* **TASK DIRECTIONS**:
An exact copy of every record is needed, with all pictures omitted.

*** Begin section ***

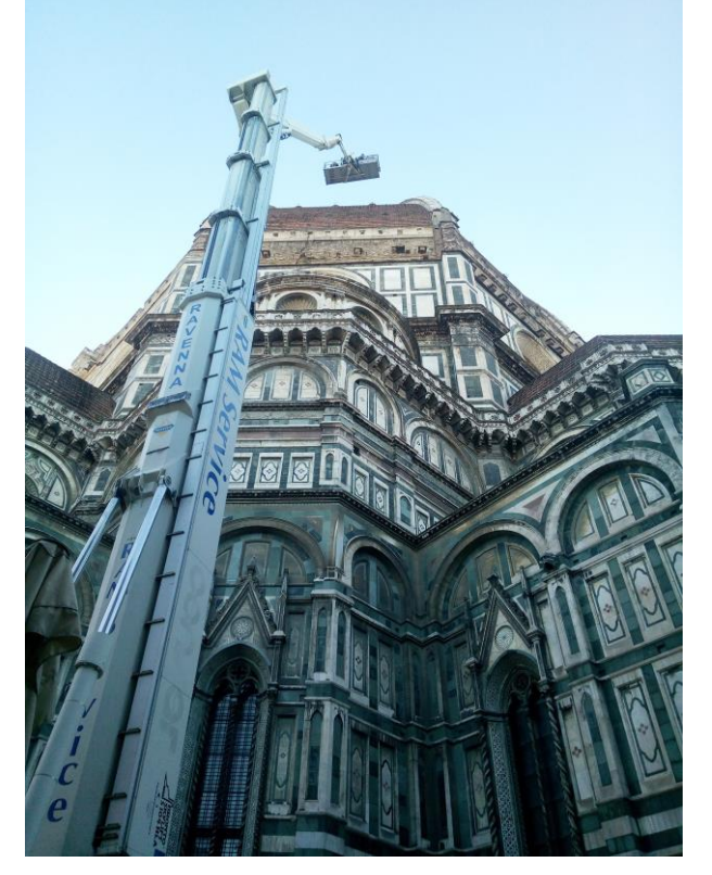
Fig. 3. November 2018, the photogrammetry campaign of the Florentine Cathedral: northern absis.

The possibility to have three photographers at time during the operations allowed a specific strategy: two full-frame cameras (Nikon D800) with the same lens (Nikkor 35mm F2) mounted on tripods, taking parallel shots from the two sides of the platform and a third camera (Sony Alpha 7r, mounting a Sigma Macro 50mm F2,8 or Pentax K1, mounting a Sigma 35mm F1,4), handheld and used to take angled, detail and specific shots accordingly to the area of intervention.
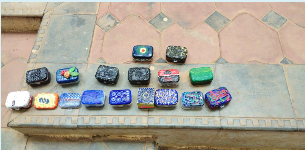
Art work done by the students
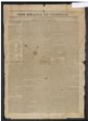
Newspaper: Herald of Freedom, Vol. I, No. 46, August 29, 1832 (1998.010.015 AB)
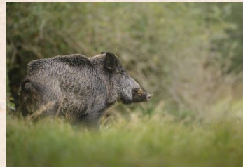
Wild Boar (South America)
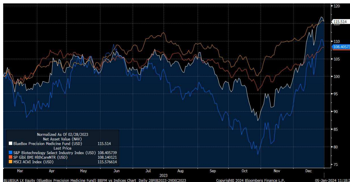
Fig. 1 – The BlueBox Precision Medicine Fund - S Class; S&P BMI Healthcare Index; S&P Select Biotechnology Index and MSCI ACWI World Index from Inception to 29/12/2023 (rebased to 100 at 28/02/2023)

The Sub-Fund also benefited from the enabler group of companies, which had underperformed during the rest of the year, moving upwards during the fourth quarter as business stabilisation and return to growth in 2024 began to be anticipated. This is discussed in more detail below.
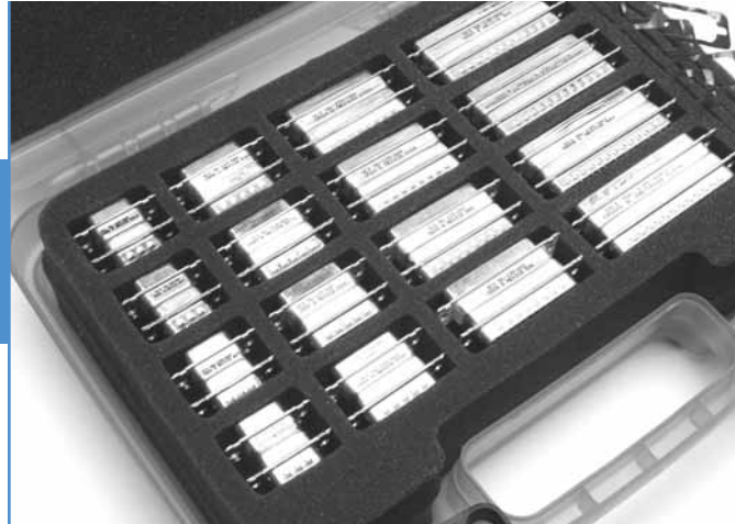
Adapter Test Kit
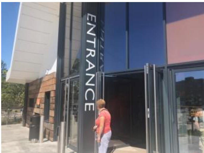
Automatic door directly next to main foyer entrance doors. Operated with push button. Located next to the entrance sign
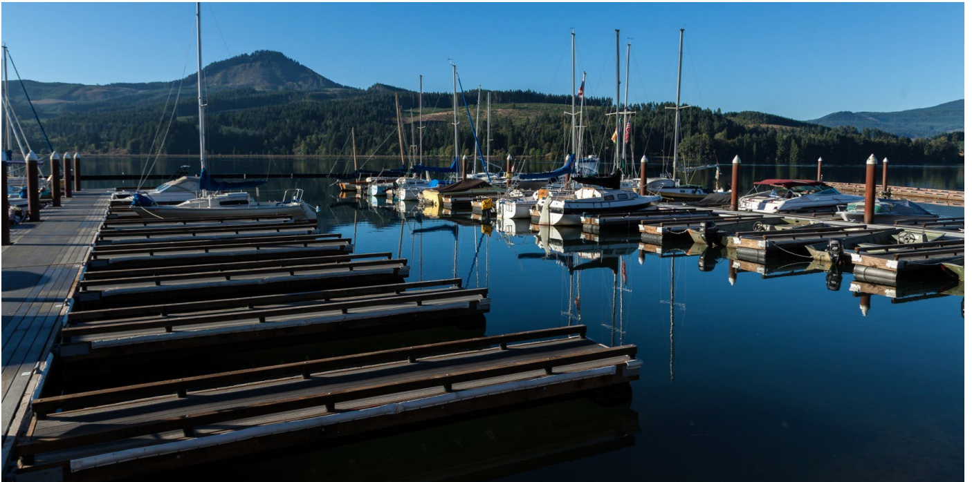
Figure 2: Lowell State Park Marina

*** End section ***

* **RESULT**:
Fig. 3. November 2018, the photogrammetry campaign of the Florentine Cathedral: northern absis.

The possibility to have three photographers at time during the operations allowed a specific strategy: two full-frame cameras (Nikon D800) with the same lens (Nikkor 35mm F2) mounted on tripods, taking parallel shots from the two sides of the platform and a third camera (Sony Alpha 7r, mounting a Sigma Macro 50mm F2,8 or Pentax K1, mounting a Sigma 35mm F1,4), handheld and used to take angled, detail and specific shots accordingly to the area of intervention.
Art work done by the students
Newspaper: Herald of Freedom, Vol. I, No. 46, August 29, 1832 (1998.010.015 AB)
Wild Boar (South America)
Fig. 1 – The BlueBox Precision Medicine Fund - S Class; S&P BMI Healthcare Index; S&P Select Biotechnology Index and MSCI ACWI World Index from Inception to 29/12/2023 (rebased to 100 at 28/02/2023)

The Sub-Fund also benefited from the enabler group of companies, which had underperformed during the rest of the year, moving upwards during the fourth quarter as business stabilisation and return to growth in 2024 began to be anticipated. This is discussed in more detail below.
Adapter Test Kit
Automatic door directly next to main foyer entrance doors. Operated with push button. Located next to the entrance sign
Figure 2: Lowell State Park Marina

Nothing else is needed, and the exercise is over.